Every line from the first record below down to the line that includes "[12809855]【120" must be reproduced exactly; the pictures are not.

INFORMATION PROVIDED »
┄┄┄┄┄┄┄┄┄┄┄┄┄┄┄┄┄┄┄┄

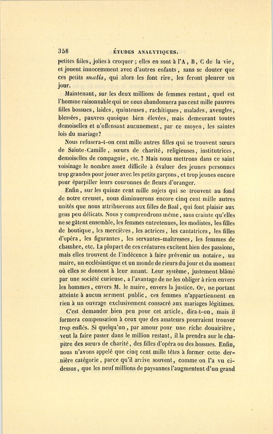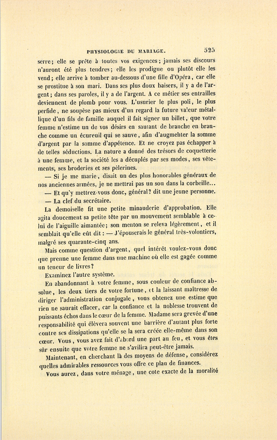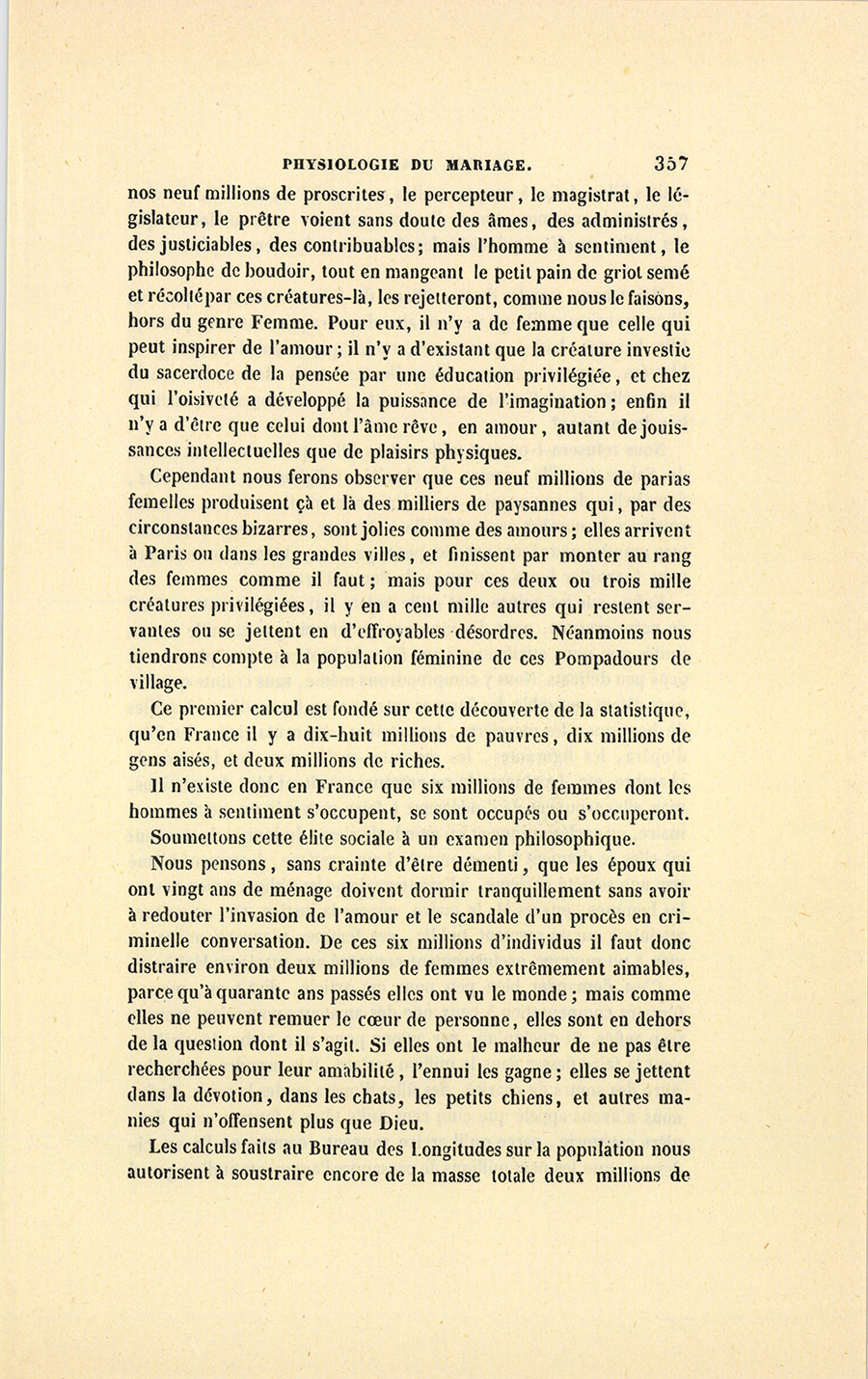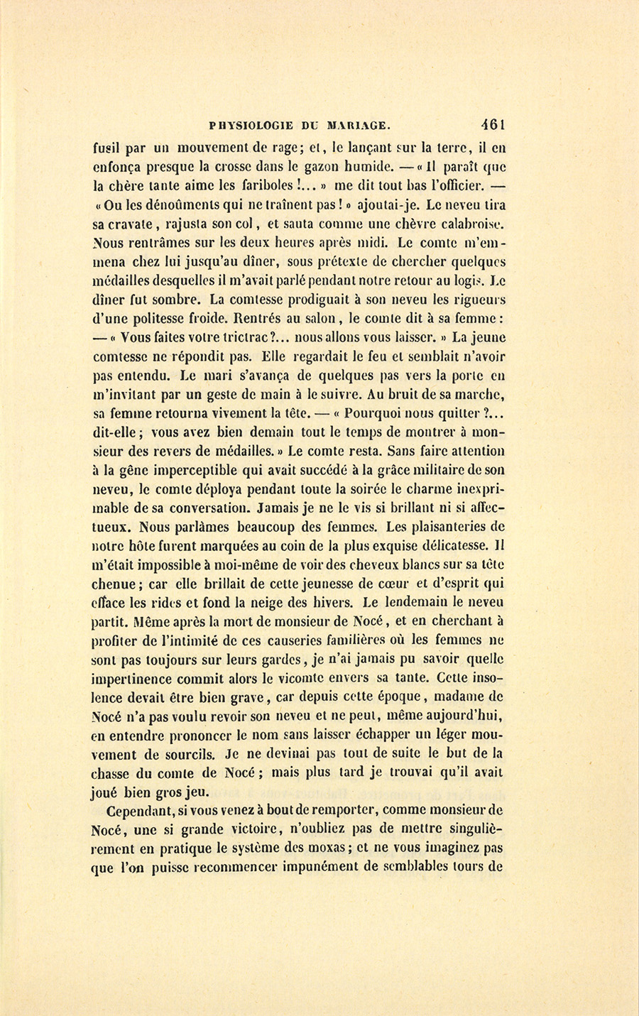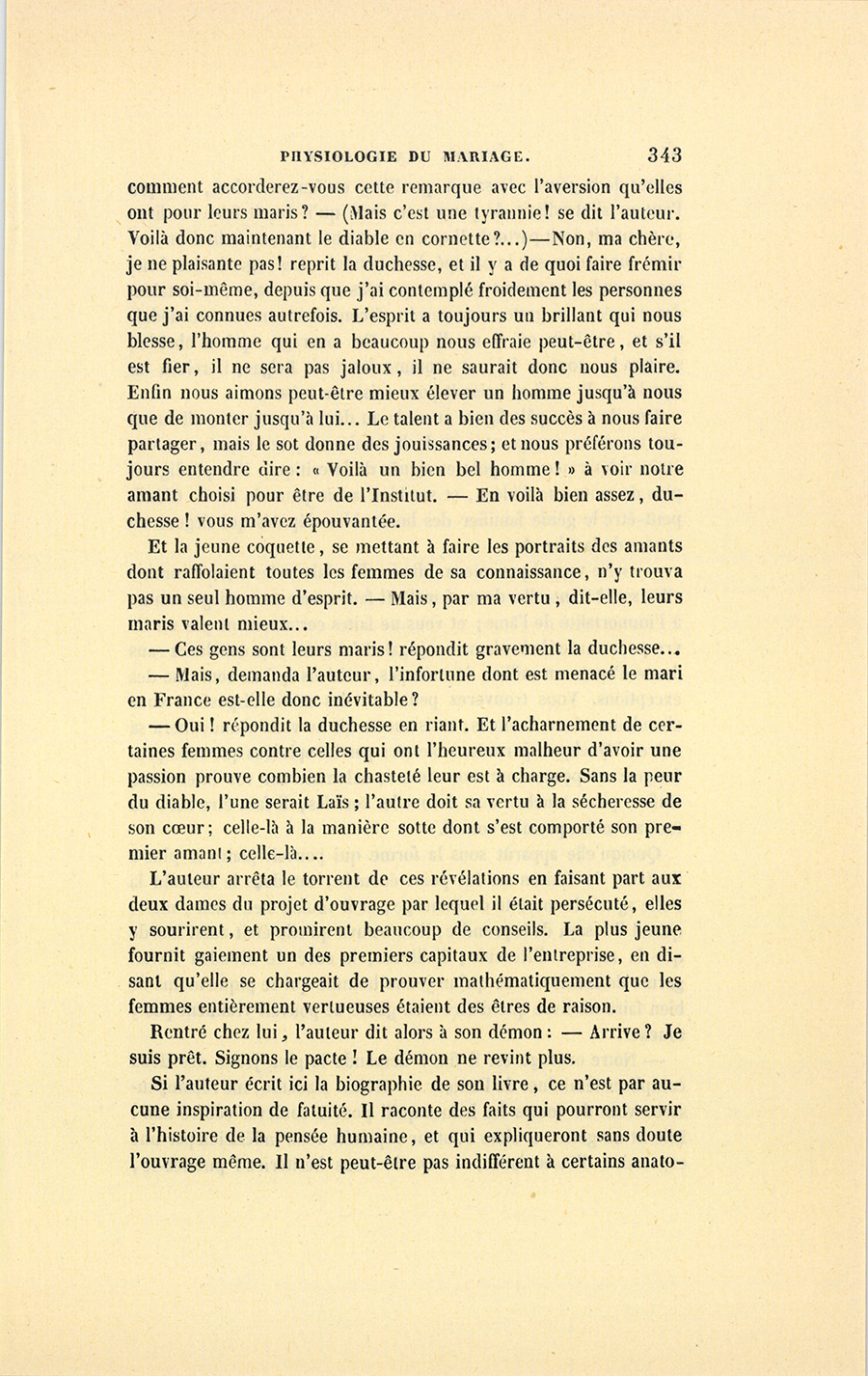 {p. 610} – Monsieur, lui dis-je, ce serait pousser loin le dévouement pour la philosophie éclectique que de consigner vos idées dans mon ouvrage ; car c’est le détruire. Tout y est basé sur l’amour platonique ou sensuel. Dieu me garde de finir mon livre par de tels blasphèmes sociaux ! J’essaierai plutôt de retourner par quelque subtilité pantagruélique à mon troupeau de célibataires et de femmes honnêtes, en m’ingéniant à trouver quelque utilité sociale et raisonnable à leurs passions et à leurs folies. Oh ! oh ! si la paix conjugale nous conduit à des raisonnements si désenchanteurs, si sombres, je connais bien des maris qui préféreraient la guerre.
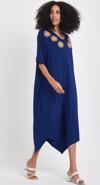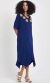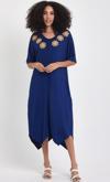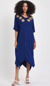 Rodi markasının şıklığı ve rahatlığı bir araya getiren bu elbisesi, mavi rengiyle dikkat çeker.
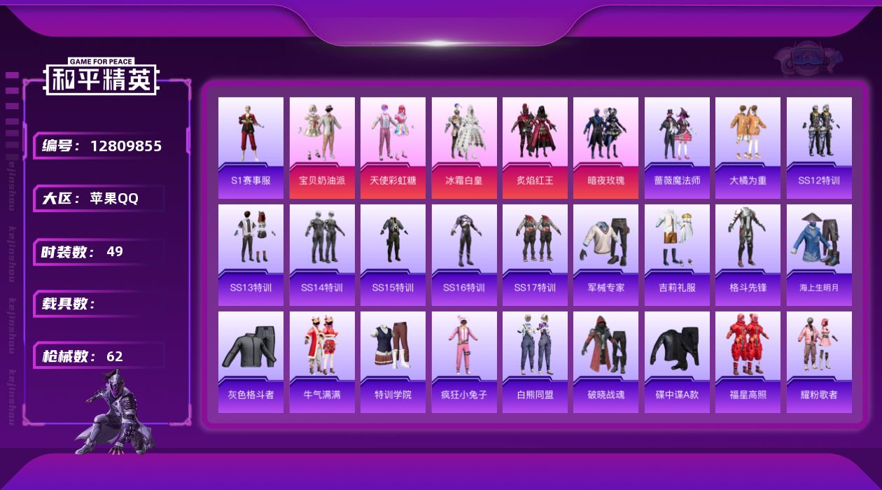 [12809855]【1204】苹果 手Q-5粉装-0特效枪-0载具-1粉色飞行器-20015热力值-1王牌印记-49套装-62枪皮
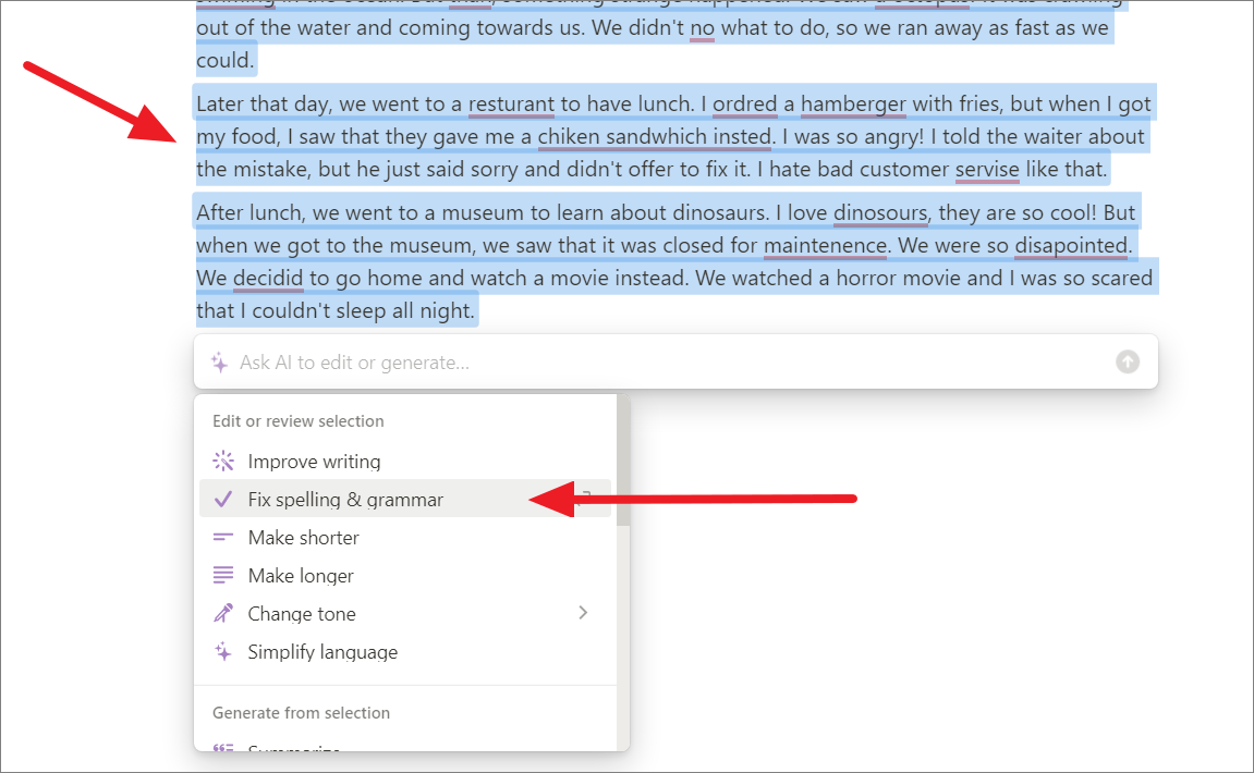 - Fix spelling and grammar – Notion AI’s built-in spell check and grammar correction feature scans your written content for errors such as misspelled words and incorrect grammar.
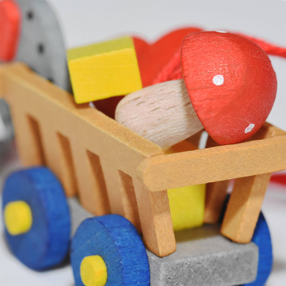 Der reich bestückte Glückswagen mit seinen handbemalten Details ist unser Glücksbringer für den Weihnachtsbaum – und dass bei einer Größe von gerade einmal 5 cm. Dieser Baumbehang eignet sich aufgrund seiner Größe nicht nur für den Tannenbaum, sondern auch hervorragend für einen Weihnachtsstrauß oder als Geschenkanhänger auf einem größeren Paket. Der Anhänger ist mit einem roten Faden zum Aufhängen versehen.
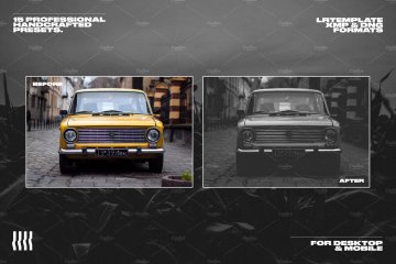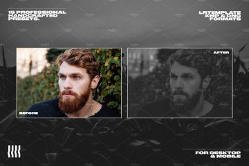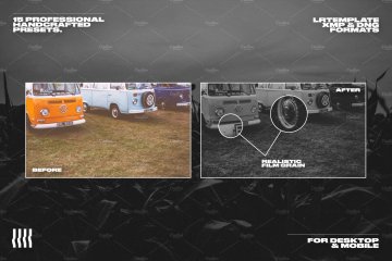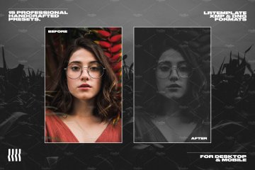这些预设将使您的图像具有电影般的,喜怒无常的艺术外观,并且像旧电影一样在其上添加一些逼真的胶片颗粒。
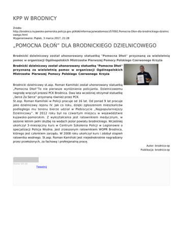 KPP W BRODNICY Źródło: http://brodnica.kujawsko-pomorska.policja.gov.pl/kb6/informacje/wiadomosci/57092,Pomocna-Dlon-dla-brodnickiego-dzielnic owego.html Wygenerowano: Piątek, 3 marca 2017, 21:28 „POMOCNA DŁOŃ” DLA BRODNICKIEGO DZIELNICOWEGO Brodnicki dzielnicowy został uhonorowany statuetką "Pomocna Dłoń" przyznaną za wieloletnią pomoc w organizacji Ogólnopolskich Mistrzostw Pierwszej Pomocy Polskiego Czerwonego Krzyża Brodnicki dzielnicowy został uhonorowany statuetką "Pomocna Dłoń" przyznaną za wieloletnią pomoc w organizacji Ogólnopolskich Mistrzostw Pierwszej Pomocy Polskiego Czerwonego Krzyża Brodnicki dzielnicowy st.asp. Roman Kamiński został uhonorowany statuetką „Pomocna Dłoń”To nie pierwsze wyróżnienie policjanta. Dzielnicowemu nagrodę wręczyli prezesi PCK Brodnica. Dwa lata wcześniej otrzymał statuetkę „Serce Za Serce” przyznaną również przez PCK. St.asp. Roman Kamiński w Policji pracuje od 16 lat. Od ponad 9 lat pracuje jako dzielnicowy rejonu IV. Jak co roku, dzięki zgłoszeniom mieszkańców podległego mu terenu bierze udział w Plebiscycie „Najpopularniejszy Dzielnicowy”. W 2012 roku był na czwartym miejscu w województwie kujawsko-pomorskim. Z wykształcenia jest ratownikiem medycznym, w sezonie letnim pełni służbę na wodach jezior powiatu brodnickiego. Wcześniej ukończył 3-miesięczny kurs w Centrum Szkolenia Policji w Legionowie o specjalizacji Policja Wodna. Jest zrzeszonym ratownikiem WOPR Brodnica, którego jest członkiem zarządu. W 2008 roku ukończył kurs i zdobył stopień ratownika wodnego. St.asp. Roman Kamiński jest niejednokrotnie nagradzany przez przełożonych, za fachową i profesjonalną pracę. Autor: brodnica-op Publikacja: brodnica-op Ocena: 0/5 (0) Tweetnij
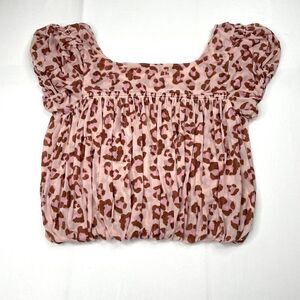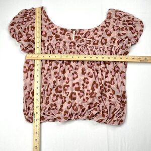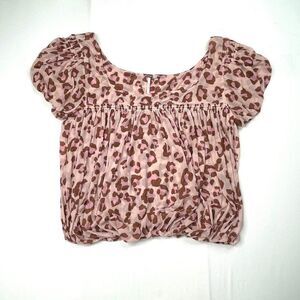 Free People Meg Blouse Highly sought after style! Gently preowned in overall good condition. No rips or holes. Made from lightweight, soft stretch mesh, decorated in flirty pink and brown leopard print, as it falls from square neckline into a relaxed bodice with short, elasticized bubble hem.

┄┄┄┄┄┄┄┄┄┄┄┄┄┄┄┄┄┄┄┄

SOLUTION TO THE EXERCISE »
 {p. 610} – Monsieur, lui dis-je, ce serait pousser loin le dévouement pour la philosophie éclectique que de consigner vos idées dans mon ouvrage ; car c’est le détruire. Tout y est basé sur l’amour platonique ou sensuel. Dieu me garde de finir mon livre par de tels blasphèmes sociaux ! J’essaierai plutôt de retourner par quelque subtilité pantagruélique à mon troupeau de célibataires et de femmes honnêtes, en m’ingéniant à trouver quelque utilité sociale et raisonnable à leurs passions et à leurs folies. Oh ! oh ! si la paix conjugale nous conduit à des raisonnements si désenchanteurs, si sombres, je connais bien des maris qui préféreraient la guerre.
 Rodi markasının şıklığı ve rahatlığı bir araya getiren bu elbisesi, mavi rengiyle dikkat çeker.
 [12809855]【1204】苹果 手Q-5粉装-0特效枪-0载具-1粉色飞行器-20015热力值-1王牌印记-49套装-62枪皮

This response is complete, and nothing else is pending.